GRŪNの安田家は、幸福度世界1のご夫妻だから、すぐに電話を入れた。
今の甲斐駒ヶ岳のモルゲンロート(朝焼け)の写真まで入っていた。請求書が入っていない。急ぎ、電話を入れるとイキナリ「小夜子さんへのワイロ」との声が返ってきた。わが家も急ぎ、紘子夫人へのワイロを送った。オリジナルのケーキと菜の花漬け。
昨年4月に安田家で見た山や小鳥も、わが家の窓先に来た小鳥も、世界1だろう。
8、妻の配慮に、まだ大丈夫そう、と嬉しくなった。
アリコさんがピアノのレッスンで、初めて9日にアイトワで生徒さんを迎えた。その様子を覗こう、とPCの手を休め、人形工房棟に向かった。
その道中で驚いた。人形展示ギャラリー用の風除室から、ピクチャーウインドーを通して光が漏れていたからだ。通り過ごしながら内部を覗くと、ギャラリーの扉が開いていた。
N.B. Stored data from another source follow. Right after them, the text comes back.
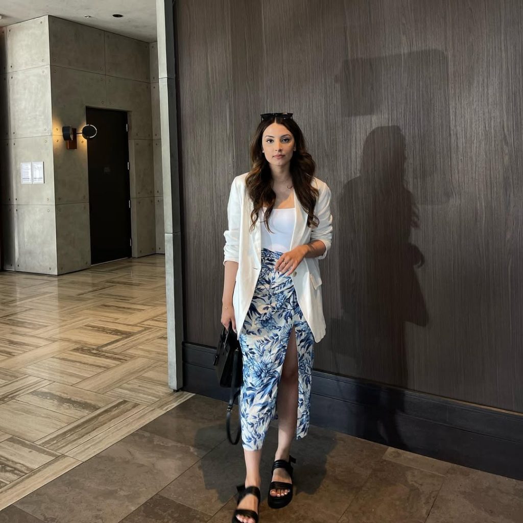 A crisp white blazer layered over a white tank and blue tropical slit skirt, grounded with black sandals, strikes a polished yet relaxed classy note.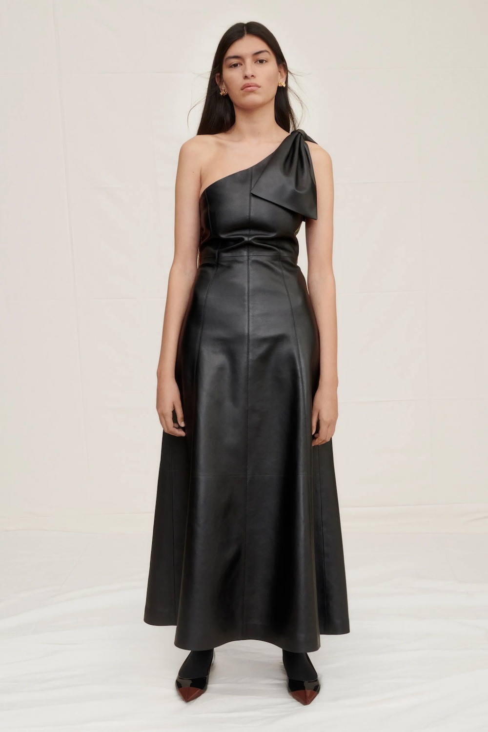 Согласимся, пока московский август не для изделий из кожи, но сани предпочитаем готовить летом. Для первой половины осени выбирайте лаконичные платья в черной коже — хорошие референсы нашли у Габриэлы Херст. Первый — комбинация — в ее последней коллекции для Chloe, второй — платье на одно плечо — в собственном Gabriela Hearst. Тоже платье, но уже футляр с пикантной проймой на груди — дело рук Мэттью Уильямса, а самый модный однобортный пиджак — Кэтрин Хольштейн из Khaite. Поддержать тренд на барбикор (на случай, если еще не утомил) можно по образу и подобию Виржини Виар. Слагаемые просты: кожаные шорты плюс боди плюс гетры и кеды (начес — по желанию). В Tibi ищите пупырчатую юбку-карандаш, у Tod’s — кожаное все в ирисовом, а у Louis Vuitton — «костюм ихтиандра» с жабрами (тоже кожаными).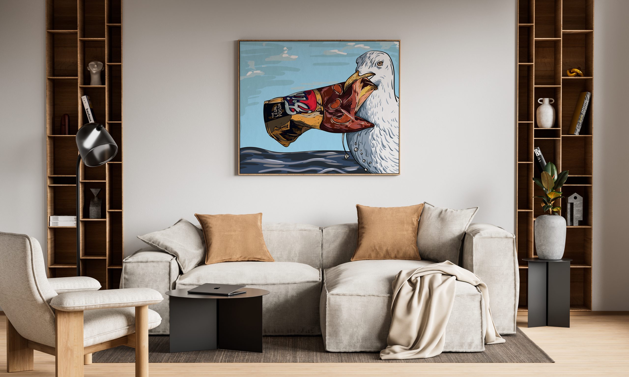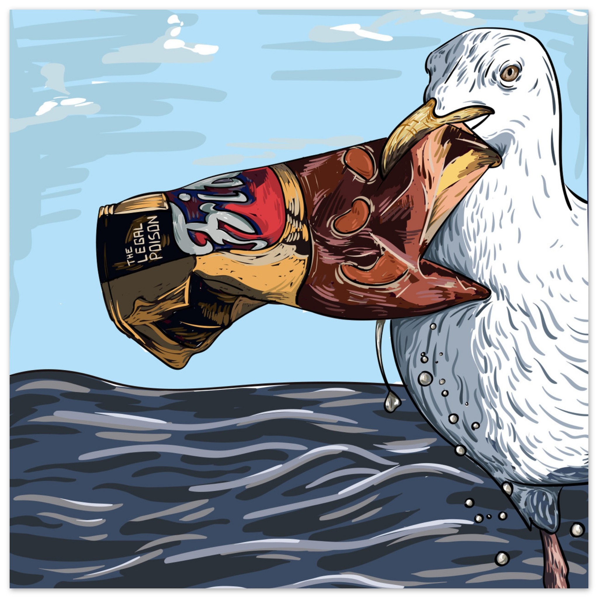 Poster che illustra un uccello che tiene nel becco un sacchetto di patatine, a simboleggiare l’impatto dell’inquinamento sugli habitat della fauna selvatica.

角を曲がると、人形展示ギャラリー館の正式な出入口の扉も開いていた。覗くと掃除がキチンと行き届き、スリッパが並び、受け入れ準備が整っていた。
ピアノの調べが流れてきた。レッスンが始まったわけだ。
嬉しくなった。レッスンを乱すまいと、妻は配慮し、そのためのギャラリー見学者を誘導する準備であろう。
常は、階下の人形工房から出入りしていただいている。工房を眺めながら屋内階段を上り下りする方が、との声が多いからだ。
サンクンガーデンへと降りる階段まで行って、引き返した。ギャラリーを再度覗いた。ピアノの調べを聴きながらの人形の見学も、温かく感じた。
この臨時の対応策を、妻が気付いたのであればまだ大丈夫、と胸をなでおろした。